Safety and efficacy has not been established efavirenz in patients with serious underlying liver disorders. Efavirenz is contraindicated in patients with severe hepatic of view (see section 4.3). In patients with chronic hepatitis B or C and treated with combination antiretroviral therapy are at increased risk of severe and potentially fatal liver adverse events. Patients with pre-existing liver dysfunction, including chronic active hepatitis are more frequent liver function abnormalities during combination antiretroviral therapy and should be monitored in accordance with normal practice. If there is evidence of worsening liver disease or persistent elevations of serum transaminases more than 5 times the upper limit of normal range, to continue therapy with efavirenz should be weighed against the potential risks of significant liver toxicity. In such patients, treatment interruption or termination should be considered (see section 4.8).

In patients with other medications associated with liver toxicity, monitoring of liver enzymes are also recommended. In the case of associated antiviral therapy against hepatitis B or C, please refer to the relevant information about the products of those drugs.

Renal failure: efavirenz pharmacokinetics have not been studied in patients with renal failure, but less than 1% of the efavirenz dose unchanged excretion in urine, so that the effects of deterioration of renal elimination of efavirenz should be kept to a minimum (see section 4,2). There is no experience in patients with severe renal failure and recommended close monitoring of security in this group.

Older people: the insufficient number of elderly patients who have been tested in clinical studies to determine whether they respond differently than younger patients.

Children: efavirenz have not been evaluated in children under 3 years old, or who weigh less than 13 kg. Therefore, efavirenz should not be given to children under 3 years old.

Lactose: This drug contains 250 mg lactose, in each-600 mg daily dose. This number is not likely to cause the symptoms of lactose intolerance.

Patients with rare hereditary problems galactose intolerance, Sami lactase deficiency or glucose-galactose malabsorption should not take this drug. Individuals with these conditions can take efavirenz oral solution, which is free of lactose.




4.5 Interactions with other drugs and other forms of interaction

Efavirenz is an inducer of CYP3A4 inhibitor and including some CYP isozymes CYP3A4 (see section 5.2). Other compounds, which are substrates of CYP3A4, possibly decreased plasma concentrations in joint jurisdiction with efavirenz.

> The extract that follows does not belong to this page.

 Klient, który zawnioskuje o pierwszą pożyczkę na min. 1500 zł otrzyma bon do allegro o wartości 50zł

Efavirenz exposure can be changed when given the medicines and foods (for example, grapefruit juice), which affect CYP3A4 activity.

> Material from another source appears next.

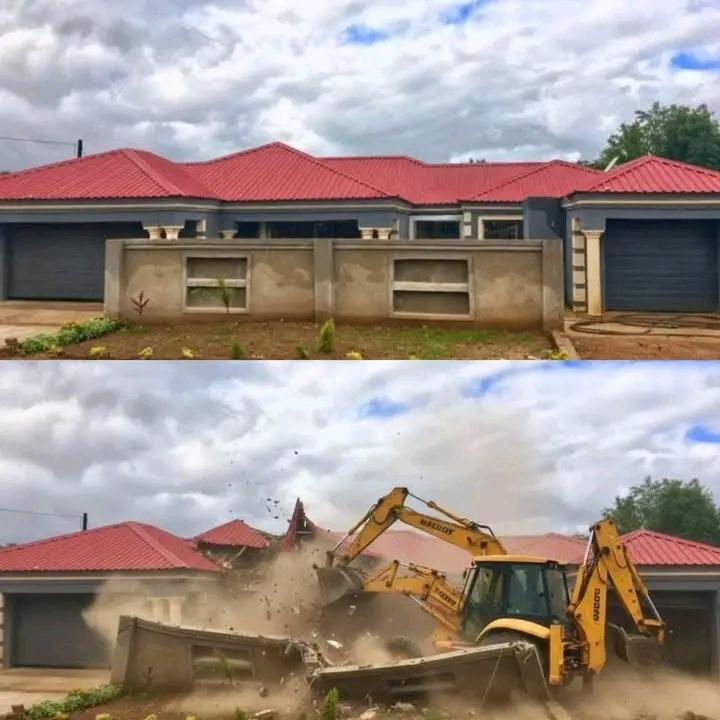 It is alleged that a Limpopo businessman hired a TLB to demolished a house he built for his side chick.It is alleged that he found out that his side chick was pregnant with another man.She is expecting a baby and the businessman couldn't allow the child to live in his house he built with his own money.He told the side chick to ask the father of her baby to make plans for their accomodation.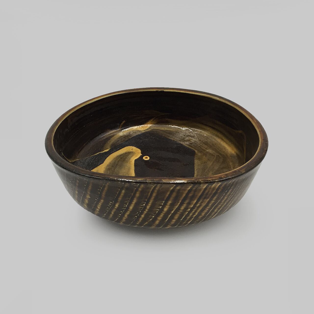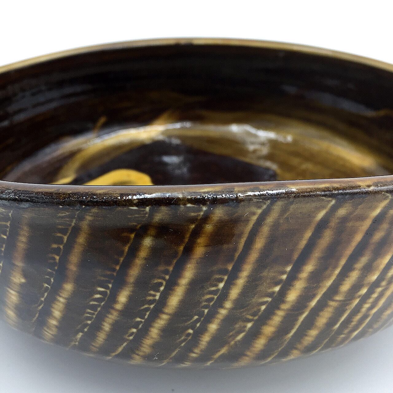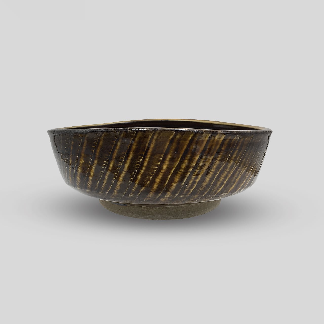 器の外側に小鹿田焼の伝統技法である「打ち刷毛目(はけめ)」を施しています。刷毛を使って化粧土で連続的な模様をつける技法です。ここでは、器の変形型に加え、刷毛目を斜めに入れるなど独特の雰囲気があり、インテリアのオブジェとしても存在感があります。器の内側には化粧土で波や飛沫の模様が美しく描かれています。

Efavirenz should not be administered concurrently with terfenadine, astemizole, cisapride, midazolam, triazolam, pimozide, bepridil, or ergot alkaloids (such as ergotamine, dihydroergotamine, ergonovine and methylergonovine), as the oppression of their metabolism may lead to a serious, life-threatening events (see . section 4.3).

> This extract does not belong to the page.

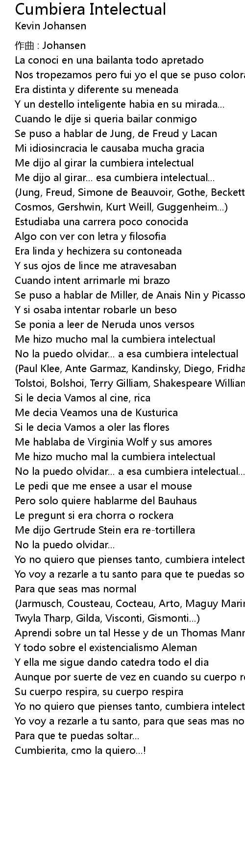 | Yo no quiero que pienses tanto, cumbiera intelectual! | |

Along antiretroviral drugs:

Protease inhibitors:

Amprenavir: while efavirenz was shown a reduction Cmax, AUC and Cmin in amprenavir about 40% in adults, when combined with ritonavir amprenavir, to offset the effect of efavirenz pharmacokinetics ritonavir booster effect. Therefore, if efavirenz is given in combination with amprenavir (600 mg twice daily) and ritonavir (100 or 200 mg twice daily), no dosage adjustment is necessary. For joint management efavirenz with low doses of ritonavir in combination with a protease inhibitor, see the section below on ritonavir.
SUSTIVA 600 mg
Moreover, if efavirenz is given in combination with amprenavir and nelfinavir, no dosage adjustment necessary for any of the drugs. Treatment with efavirenz in combination with saquinavir and amprenavir is not recommended because the impact of both PV is expected to be significantly reduced. No dosage recommendations can be made available for co-management with other IP amprenavir and efavirenz in children and patients with renal impairment. Such combinations should be avoided in patients with hepatic impairment.